··· Dataset extract ···

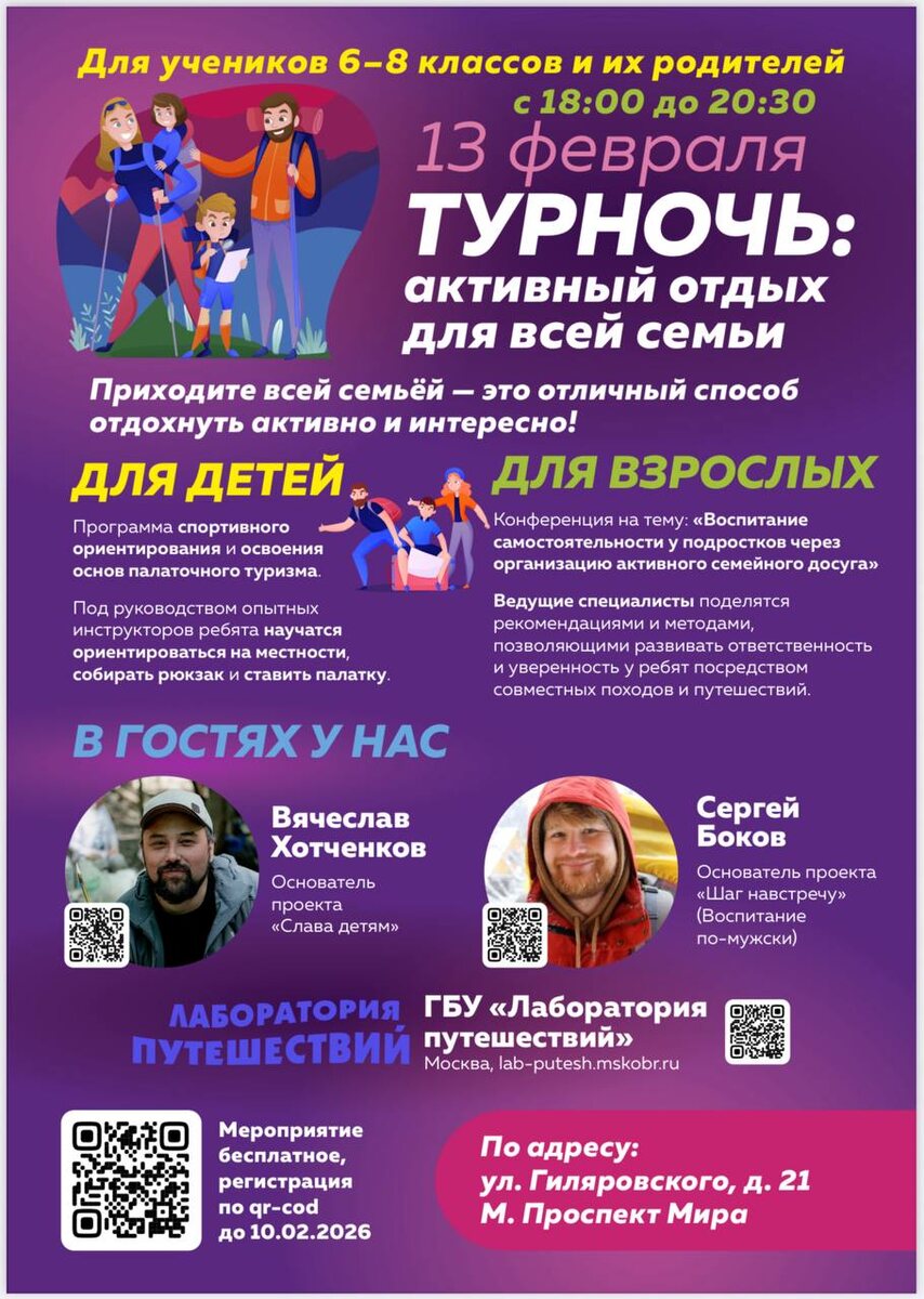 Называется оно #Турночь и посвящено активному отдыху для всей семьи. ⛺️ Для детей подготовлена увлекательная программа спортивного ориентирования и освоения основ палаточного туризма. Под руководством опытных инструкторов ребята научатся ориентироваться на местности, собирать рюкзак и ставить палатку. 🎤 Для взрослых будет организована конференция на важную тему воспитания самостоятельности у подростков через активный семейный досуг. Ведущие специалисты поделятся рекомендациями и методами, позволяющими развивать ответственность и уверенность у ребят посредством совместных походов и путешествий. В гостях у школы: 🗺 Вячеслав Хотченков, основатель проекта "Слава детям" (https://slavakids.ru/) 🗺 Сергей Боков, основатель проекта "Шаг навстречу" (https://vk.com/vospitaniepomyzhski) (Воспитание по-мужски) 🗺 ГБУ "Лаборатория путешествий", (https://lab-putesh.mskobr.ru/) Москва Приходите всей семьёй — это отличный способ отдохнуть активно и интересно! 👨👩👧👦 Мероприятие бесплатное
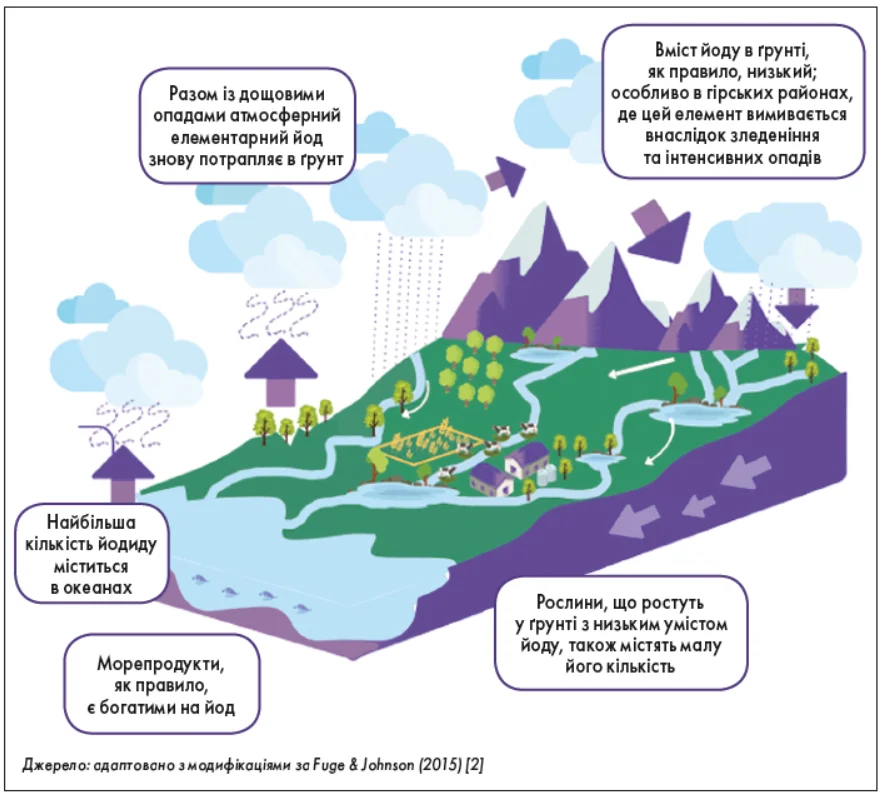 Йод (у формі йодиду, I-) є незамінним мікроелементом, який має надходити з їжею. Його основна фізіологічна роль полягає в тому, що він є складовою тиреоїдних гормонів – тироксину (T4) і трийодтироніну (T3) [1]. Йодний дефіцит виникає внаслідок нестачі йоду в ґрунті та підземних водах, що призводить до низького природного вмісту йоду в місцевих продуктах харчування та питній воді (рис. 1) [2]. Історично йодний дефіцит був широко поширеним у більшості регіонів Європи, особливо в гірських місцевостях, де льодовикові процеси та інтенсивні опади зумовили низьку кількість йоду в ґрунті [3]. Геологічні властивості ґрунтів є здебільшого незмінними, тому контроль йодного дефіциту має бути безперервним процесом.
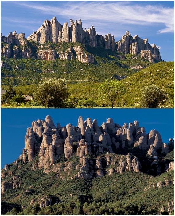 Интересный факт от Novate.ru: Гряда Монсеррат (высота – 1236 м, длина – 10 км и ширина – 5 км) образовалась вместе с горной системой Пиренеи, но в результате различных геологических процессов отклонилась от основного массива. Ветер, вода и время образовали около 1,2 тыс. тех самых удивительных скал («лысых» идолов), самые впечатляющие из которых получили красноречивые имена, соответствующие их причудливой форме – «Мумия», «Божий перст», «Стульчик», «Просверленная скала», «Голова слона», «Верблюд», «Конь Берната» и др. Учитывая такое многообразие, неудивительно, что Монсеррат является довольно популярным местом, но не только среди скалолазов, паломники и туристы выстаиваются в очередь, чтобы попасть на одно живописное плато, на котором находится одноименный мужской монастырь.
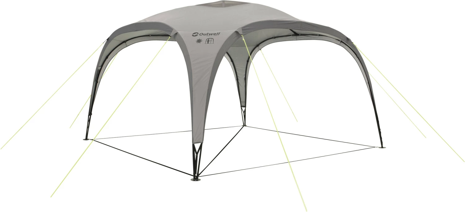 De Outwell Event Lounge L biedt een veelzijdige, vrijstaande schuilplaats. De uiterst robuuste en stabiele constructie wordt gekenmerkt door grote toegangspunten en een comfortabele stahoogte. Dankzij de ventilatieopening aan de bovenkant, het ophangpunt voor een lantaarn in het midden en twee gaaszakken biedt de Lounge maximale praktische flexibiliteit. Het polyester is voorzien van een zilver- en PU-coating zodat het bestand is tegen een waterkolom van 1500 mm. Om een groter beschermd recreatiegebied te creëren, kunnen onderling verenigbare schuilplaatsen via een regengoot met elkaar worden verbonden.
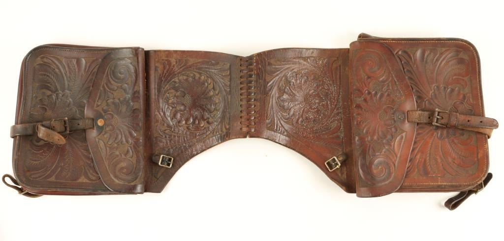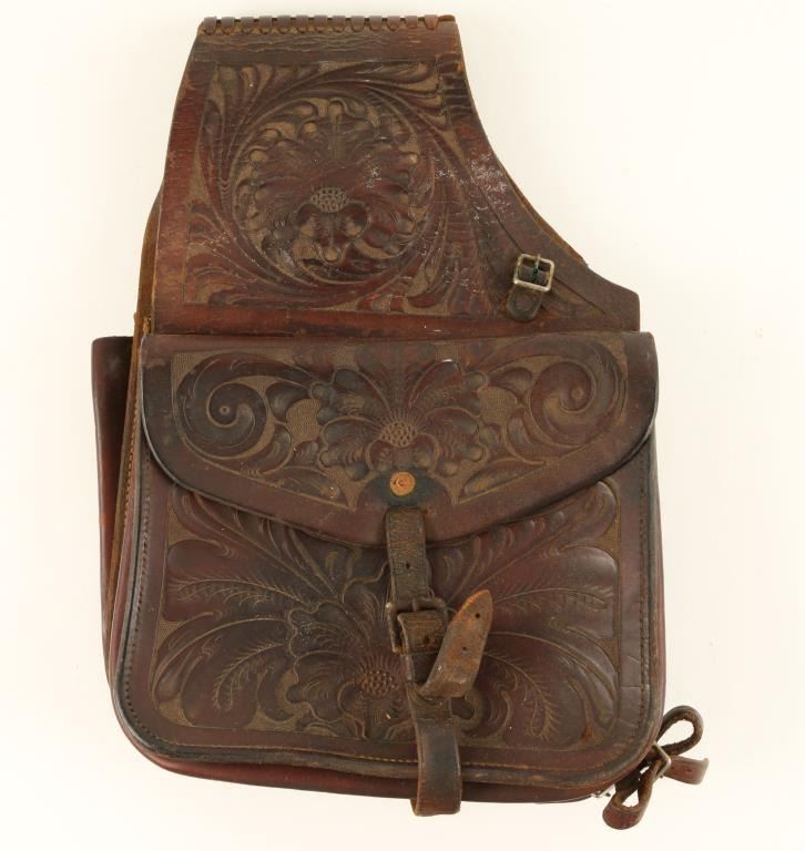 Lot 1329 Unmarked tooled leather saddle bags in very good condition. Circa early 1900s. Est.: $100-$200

···
··· Dataset extract ···

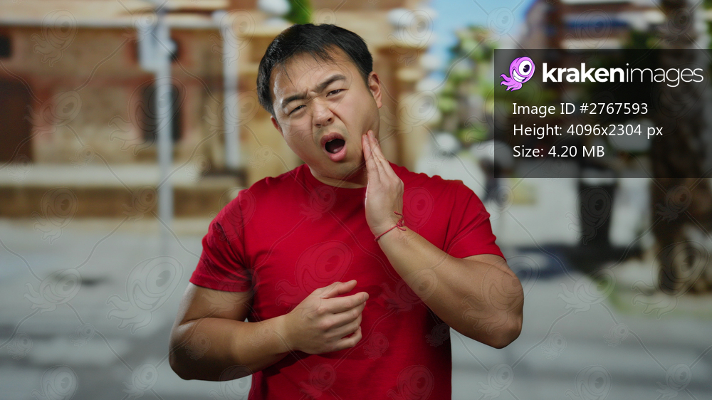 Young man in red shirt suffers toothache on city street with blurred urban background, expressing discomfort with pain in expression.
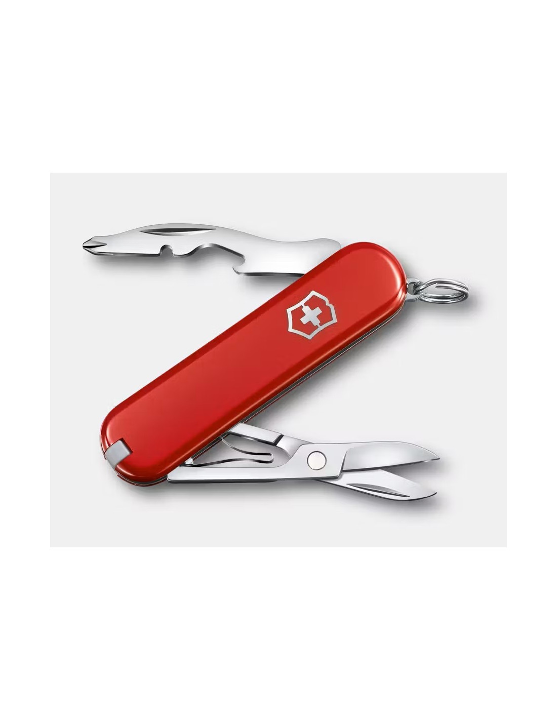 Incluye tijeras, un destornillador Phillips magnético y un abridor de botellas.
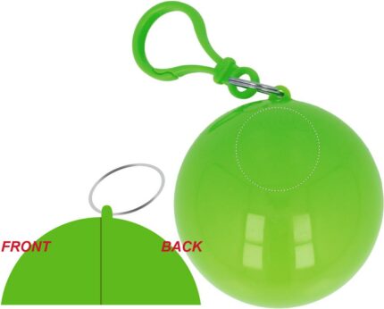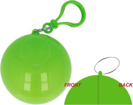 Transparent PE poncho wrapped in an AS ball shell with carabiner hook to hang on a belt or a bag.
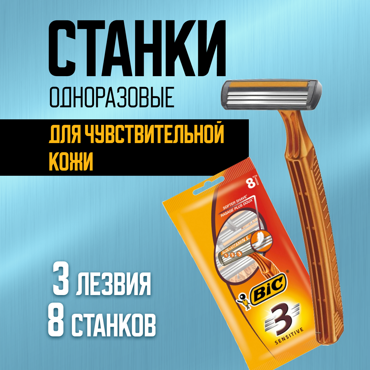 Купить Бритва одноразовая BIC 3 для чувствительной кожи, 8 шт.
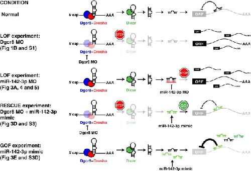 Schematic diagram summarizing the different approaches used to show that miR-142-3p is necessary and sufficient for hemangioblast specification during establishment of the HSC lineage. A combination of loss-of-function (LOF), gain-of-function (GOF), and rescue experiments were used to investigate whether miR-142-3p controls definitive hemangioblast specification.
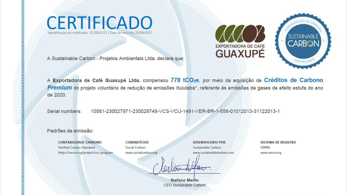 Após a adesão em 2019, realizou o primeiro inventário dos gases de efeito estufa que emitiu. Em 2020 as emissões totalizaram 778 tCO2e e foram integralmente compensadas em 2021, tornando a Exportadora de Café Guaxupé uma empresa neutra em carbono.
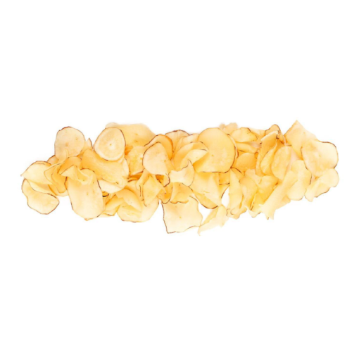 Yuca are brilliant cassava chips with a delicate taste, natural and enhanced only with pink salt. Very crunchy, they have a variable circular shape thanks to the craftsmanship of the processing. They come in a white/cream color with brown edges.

···

> [Activity] Return only the part above that opens with the line containing "De Outwell Event" and closes with the line containing "Lot 1329 Unmarked", exactly and with both ends, skipping the pictures.

> [Exercise response]
 De Outwell Event Lounge L biedt een veelzijdige, vrijstaande schuilplaats. De uiterst robuuste en stabiele constructie wordt gekenmerkt door grote toegangspunten en een comfortabele stahoogte. Dankzij de ventilatieopening aan de bovenkant, het ophangpunt voor een lantaarn in het midden en twee gaaszakken biedt de Lounge maximale praktische flexibiliteit. Het polyester is voorzien van een zilver- en PU-coating zodat het bestand is tegen een waterkolom van 1500 mm. Om een groter beschermd recreatiegebied te creëren, kunnen onderling verenigbare schuilplaatsen via een regengoot met elkaar worden verbonden.
 Lot 1329 Unmarked tooled leather saddle bags in very good condition. Circa early 1900s. Est.: $100-$200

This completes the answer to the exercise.